Kepala BP BUMN sekaligus COO Danantara, Dony Oskaria telah melakukan koordinasi intensif dengan Kementerian Perumahan dan Kawasan Permukiman (PKP). Di mana, dalam pertemuan tersebut pemerintah memetakan aset-aset strategis BUMN yang dapat dikonversi menjadi hunian vertikal bagi masyarakat.
“Melalui sinergi lintas kementerian dan lembaga, BP BUMN mendorong optimalisasi aset negara agar memberikan manfaat nyata bagi masyarakat, sekaligus mendukung percepatan pembangunan perumahan di kawasan perkotaan,” tulis BP BUMN dalam akun Instagram resminya, dikutip Selasa (31/3/2026).
Kebijakan ini diambil sebagai tindak lanjut langsung dari arahan Presiden untuk memastikan penyediaan hunian yang layak, aman, dan terjangkau. Pemanfaatan lahan BUMN dinilai menjadi solusi efektif di tengah keterbatasan lahan di wilayah perkotaan padat penduduk.
Selain aspek penyediaan lahan, koordinasi ini juga melibatkan pemangku kepentingan terkait untuk menyusun skema pembangunan yang berkelanjutan. Sinergi ini diharapkan mampu memangkas hambatan administratif dalam pemanfaatan aset negara untuk kepentingan publik.
Adapun sebagai tahap awal, BP BUMN akan mengoptimalisasi lahan seluas 1,61 hektare milik PT Angkasa Pura Indonesia untuk pembangunan rusun relokasi warga di bantaran rel kereta api wilayah Senen, Jakarta Pusat.
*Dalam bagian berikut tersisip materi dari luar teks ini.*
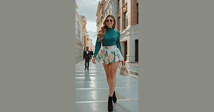 From the cafe to the art gallery, your ensemble effortlessly transitions from day to night. The modern asymmetry of your blouse hints at a bold creativity, while the sharp cut of your high-waisted skirt maintains a timeless allure. Every piece of your outfit tells a story, blending the classic with the contemporary in a seamless fusion of style. As you catch your reflection in the store window, you can’t help but feel empowered by the transformative power of fashion, embracing your femininity with a sophisticated twist that sets you apart.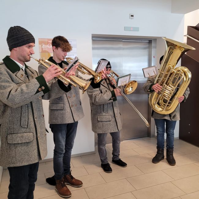 Am Nachmittag wurde bei einem netten Beisammensein viel gelacht, schön geplaudert und einige Kekse gejausnet. Auch das örtliche Bläserquartett besuchte die Klient:innen und sorgte mit schönen Melodien für eine besinnliche Weihnachtsstimmung. Danach war die Bescherung, wo viele tolle Geschenke mit großer Freude ausgepackt wurden.

Pada kesempatan berbeda, Dony juga sempat menyampaikan bahwa pihaknya akan mengoptimalkan aset-aset yang dimiliki BUMN untuk pembangunan hunian serupa di berbagai kota besar lain seperti Bandung, Surabaya, Semarang, Tangerang, Bogor, Medan, Makassar, dan Denpasar.
“Kami sedang memetakan aset BUMN di beberapa kota besar untuk dibangun dengan skema yang sama. Ini bagian dari dukungan terhadap program prioritas Presiden untuk menyediakan hunian layak bagi masyarakat,” ujar Dony.
Sebelumnya, Presiden Prabowo Subianto memastikan akan segera membangun hunian layak bagi masyarakat yang masih tinggal di Rumah Tidak Layak Huni (RTLH) yang bakal direalisasikan lewat program 3 juta rumah.
Orang nomor satu di Indonesia itu sempat melakukan kunjungan ke area padat permukiman di bantaran rel kereta api Kawasan Senen, Jakarta Pusat pada Kamis (26/3/2026).
“Saya menyusuri permukiman di bantaran rel kereta api di Kawasan Senen, Jakarta Pusat. Terletak sekitar 3 kilometer dari Pusat Kota Jakarta,” kata Prabowo.
Prabowo memastikan akan mulai mempercepat pengembangan hunian layak khususnya bagi Masyarakat Berpenghasilan Rendah (MBR). Dia mengaku bertekad untuk dapat menghadirkan hunian layak bagi seluruh masyarakat Indonesia.
“Insyallah kita akan segera membangun hunian yang layak untuk Masyarakat di daerah tersebut dengan cepat, dan sudah menjadi tekad saya untuk menyediakan hunian layak untuk masyarakat Indonesia,” ujarnya.